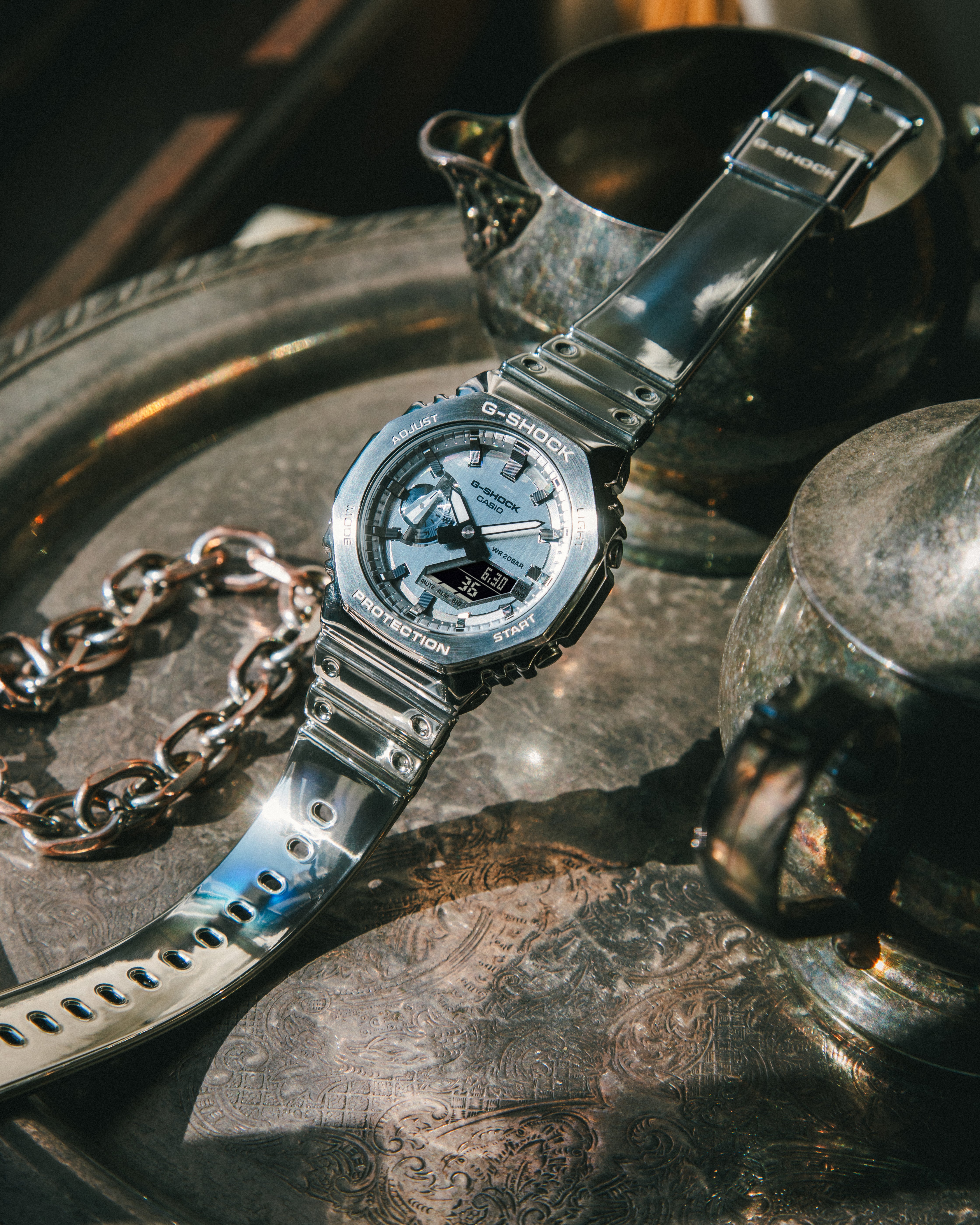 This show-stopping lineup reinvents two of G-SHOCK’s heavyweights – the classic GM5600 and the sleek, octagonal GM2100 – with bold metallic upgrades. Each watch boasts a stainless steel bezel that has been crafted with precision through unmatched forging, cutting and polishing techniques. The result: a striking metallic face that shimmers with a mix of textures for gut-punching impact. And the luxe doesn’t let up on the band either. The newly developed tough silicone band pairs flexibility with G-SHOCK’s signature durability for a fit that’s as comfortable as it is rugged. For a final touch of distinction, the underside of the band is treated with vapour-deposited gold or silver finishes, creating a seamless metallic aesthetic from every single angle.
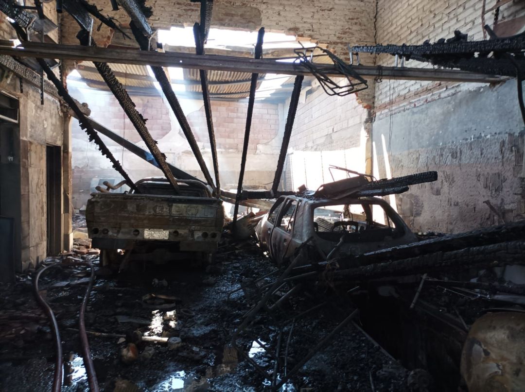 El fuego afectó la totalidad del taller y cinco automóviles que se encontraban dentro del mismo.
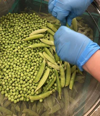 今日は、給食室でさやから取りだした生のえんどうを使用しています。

---------------

### [TASK STATEMENT]
Copy the final stretch of lines, starting at the one that holds "El fuego afectó" and ending at the last line of the data, exactly; omit pictures.

### [EXERCISE ANSWER]
 El fuego afectó la totalidad del taller y cinco automóviles que se encontraban dentro del mismo.
 今日は、給食室でさやから取りだした生のえんどうを使用しています。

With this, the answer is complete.